Water-ski Fail

It’s funny how writing a daily blog can jog memories of long ago. Today, while taking a hot bath, I remembered this one.

It was1984.  My Omaha girlfriends were four younger women, one of them a sorority sister from Iowa State. Joan’s parents had a place at Lake Okoboji, and she invited us to the lake for the weekend. For some reason my boyfriend (future husband) came, too. He was the only guy.

The whole point was to go water skiing. I’d never done that before, and to tell the truth, I was afraid to do it. Lake Okoboji is the biggest, deepest lake in Iowa. I was more comfotable in a pool, and even that, not so much. My parents didn’t swim. We never went swimming as a famly. My richer friends went to country clubs on the weekends. We weren’t rich.

As a child, I was afraid of the water because of my OCD.  I worried about the worst-case scenario. I didn’t like to get my head wet. My mom knew one stroke, the side stroke. Somewhere, somehow, she taught me how to do that. Or maybe it was the YMCA instructor who taught me. I was a giant among the smaller kids. The little boys made fun of me for not knowing how to swim. I was 11, but I looked to be 18 because I was so tall.

After that, I took private lessons (with little Sis) at the Fleur de Lis Hotel swimming pool out by the Des Moines airport. We had to wear swim caps. The instructor was forgettable. I got in the deep end but didn’t like it. I might have been 12 or 13.

I went to the Camp Dodge pool in high school with my friend Debbie, but she swam out to the raft in the center of the pool (biggest pool in Iowa)., and I stayed close to the pool ‘s edge in the deep end. It didn’t help that one of her guy friend’s friends had just sexually assaulted me underwater. It was the wild, wild West for teen girls back in the 70’s.

In college, I needed three PE classes. I took ice skating, something I can’t remember, and swimming. In class, the instructor made us bob from one end of the pool, to the other end. Touch the bottom, come up for a breath,  down again, up for a breath, repeat. I don’t remember which end we started at. I was proud of myself for doing it.

Now it’s 1984, several years after college.  I’m on a boat in the middle of a huge scary lake. Joan is the driver. Nancy, the athlete, skis first. She gets up and lasts a long time. Kyla goes next. She is petite and has no trouble getting up. My future husband goes. Then Joan goes while Nancy drives. Then it’s my turn, last. I’ve had an hour to worry about the whole thing. My heart is racing. I don’t want to do it, but I have to. I said I would.

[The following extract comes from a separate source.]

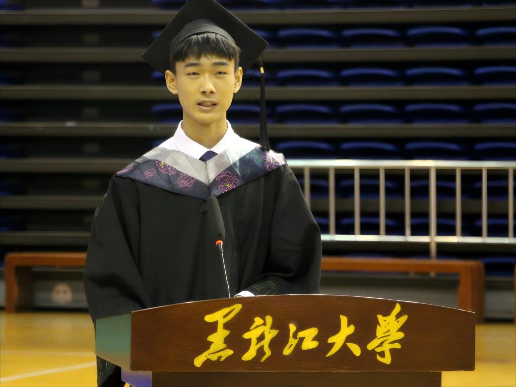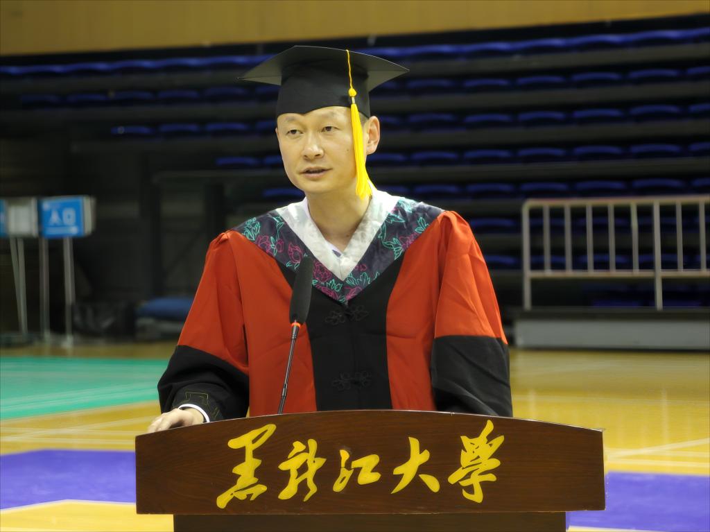 经理许辉教授在毕业典礼上致辞。他代表公司全体教师向毕业生致以最热烈的祝贺。他深情回望过去四年与毕业生们的点滴生活、共同成长的难忘瞬间,同时对毕业生们提出希冀,他希望全体毕业生把握机会,面对未知要敢于拼搏、迎势而上;要自信自强,将黑大化学作为坚强的后盾;要追求卓越,在未来的人生中谨记“志存高远、爱国奉献、艰苦奋斗、自强不息”的黑大精神,不忘嘱托,不负使命。他再次真诚地说道:“希望同学们鹏程万里、大展宏图,有空常回家看看,同学们毕业快乐!”

Now I’m in the water, and the waves (from other boats) are moving me up and down. I grab the handle, grip, whatever, signal that I’m ready. Joan guns the motor and I feel the slack line getting tighter. When it becomes taut, I’m not ready. I lose my grip.

I’m hoping to get up the second time. When the rope goes taut, I am ready.

But it was not to be. I couldn’t pull myself up. I was literally sitting on the water, butt skiing, a fresh water enema, if you will. Everybody was laughing hysterically.

I have a 34-inch inseam. That means my center of gravity is high on my body.  I had to get my legs under me, but I had so much leg.  I tried again, same thing. Butt skier.  By the Nth time, I was weak from my efforts. I said I was done. My friends had to pull me up into the boat.

Ha, ha, ha. Hahr, hahr, hahr. Laugh, laugh, laugh. Wasn’t I the funniest thing ever? Why couldn’t I do it?

What was wrong with me? Just tuck your legs under!

My future husband guffawed. He had no trouble. No one had any trouble. I was a loser. I was an epic fail.

Friends can be heartless. Boyfriends can be jerks. In another dimension, my bf might have said, “I’m so proud of you for trying, sweetheart.” But that was not to be.

The next day Karma stepped in. My tall tan guy had failed to put sunblock on the tops of his bare white feet. He had a nasty sunburn that hurt like heck when wearing shoes.

My boyfriend/husband didn’t know how to swim. After we got married, we never took the kids swimming as a family. I made sure they all had lessons at a young age.  We moved four times, but he wouldn’t even consider a house with a pool.

“I wouldn’t be able to save them,” he said.

After we divorced, he had a pool built in his back yard, but it was only five feet deep.

I never did learn how to water ski, and now it doesn’t matter anymore.